Gerasimov, Aleksandr Mikhailovich

Gerasimov, Aleksandr Mikhailovich

 

Born July 31 (Aug. 12), 1881, in Kozlov (present-day Michurinsk), in Tambov Oblast; died July 23, 1963, in Moscow. Soviet painter, People’s Artist of the USSR (1943), member of the Academy of Art of the USSR (1947), doctor of the arts (1951). Joined the CPSU in 1950.

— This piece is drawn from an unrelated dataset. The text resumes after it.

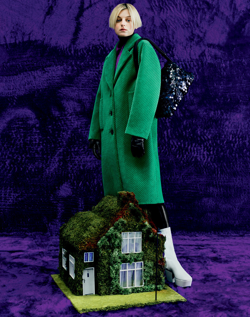 В феврале тандем представил коллекцию осень–зима 2021 — образы из нее примерили в нашей съемке новые звезды мирового экрана. На показе между нарядами словно шел непрерывный диалог: психоделические цвета перекликались с жизнерадостной чувственностью, а защитные «доспехи» — с лиловыми, украшенными принтом ботфортами на платформе. Декорации — богатая на текстуры ода тактильности и прикосновениям — напомнили и о многолетнем сотрудничестве бренда с нидерландским архитектором Ремом Колхасом.

Gerasimov studied at the Moscow School of Painting, Sculpture, and Architecture (1903-15) with A. E. Arkhipov and K. A. Korovin. He lived in Kozlov from 1918 to 1925 and thereafter in Moscow. He became a member of the Association of Artists of Revolutionary Russia in 1925. Before the revolution he devoted himself mainly to landscape painting and during the Soviet period, to portraiture. In 1929-30, Gerasimov painted his best work, the portrait scene entitled Lenin on the Tribune, a work permeated with heroic enthusiasm (V. I. Lenin Central Museum in Moscow). He also painted a number of still lifes and genre pictures, and produced illustrations and graphic works. His works in the Tret’iakov Gallery are Troika: Winter Road (1912), After the Rain (1935), J. V. Stalin and K. E. Voroshilov in the Kremlin (1938; State Prize, 1941), a portrait of O. V. Lepeshinskaia (1939), a portrait of I. I. Fisanovich (1942), and a group portrait of four elder Soviet artists—I. N. Pavlov, V. N. Bakshaev, V. K. Bialynitskii-Birulia, and V. N. Meshkov (1944; State Prize, 1945). The Speech of J. V. Stalin at the Sixteenth Congress of the ACP (Bolshevik), done in 1933, hangs in the Archive of Art Works of the Ministry of Culture of the USSR, in Zagorsk; The Bath (1940) and Hymn to October (1942; State Prize, 1943) are in the Russian Museum in Leningrad. From 1939 to 1954, Gerasimov was chairman of the organizational committee of the Union of Soviet Artists and from 1947 to 1957, president of the USSR Academy of Art. He was awarded the Order of Lenin and two other orders, as well as medals.

REFERENCE

Sokol’nikov, M. A. M. Gerasimov. Moscow, 1954.